My Moon / The JakeWalk Review by Sachi Yoshii | Photos by Keith Enriquez

My Moon 184 North 10th Street b/w Bedford and Driggs Williamsburg Brooklyn, NY 11211 718 599-7007 www.mymoonnyc.com

T

his year marks the third anniversary of My Moon, a Mediterranean restaurant in Williamsburg renowned for its beautiful front garden patio deck and orange draped, cabana-style seating. Owner Bener Bilgin and manager Del Rahmanov created a stunning interior out of a former boiler room from the factory next door, transforming leftover circular parts of the boiler into striking steel booths and arresting accents hanging on exposed brick walls. My Moon regularly showcases work by local artists, most recently featuring a motorcycle installation suspended from the lofty thirty-foot ceilings. Executive Chef Genio Saavedra recently revamped the menu to reflect more conventional appetizers and main courses, as opposed to the tapas and meze-style offered in previous years. The new appetizers are hit or miss. The Sigara Borek ($7), a deep-fried filo dough stuffed with feta cheese, parsley, dill and chives, could more accurately be described as a glorified mozzarella stick. The adventurous may like the Sautéed Blue Point Oysters ($12) as an alternative.
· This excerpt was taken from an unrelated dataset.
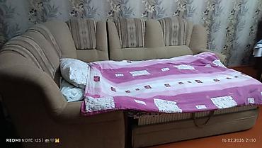 Şəkillərdəki örtü və yataq dəsti nümayiş məqsədlidir. Divan gündəlik istifadə və qonaqlar üçün rahat yuxu səthi təqdim edir.

Drizzled with creamy leeks, the oysters can appear too heavy, but a light sprinkle of chili flakes finishes the dish off well with a spicy kick. Fortunately, the entrées steal the show, and your clients will love the sweet aroma wafting from the succulent Braised Organic Pork Belly ($20), cooked for over four hours in a balsamic reduction and served with white, creamy parmesan polenta. The Filet Mignon and Baby Lobster Tail ($26) are also good, but the scalloped potatoes layered in vodka cream sauce served with it would have been superb as a side dish.

Belly dancers and live jazz frequently appear, making My Moon an ideal place to take a client who prefers elaborate lounge scenes to gourmet fine dining. You can order food until midnight, but I would recommend drinking up at the bar or enjoying a balmy summer night in the garden instead.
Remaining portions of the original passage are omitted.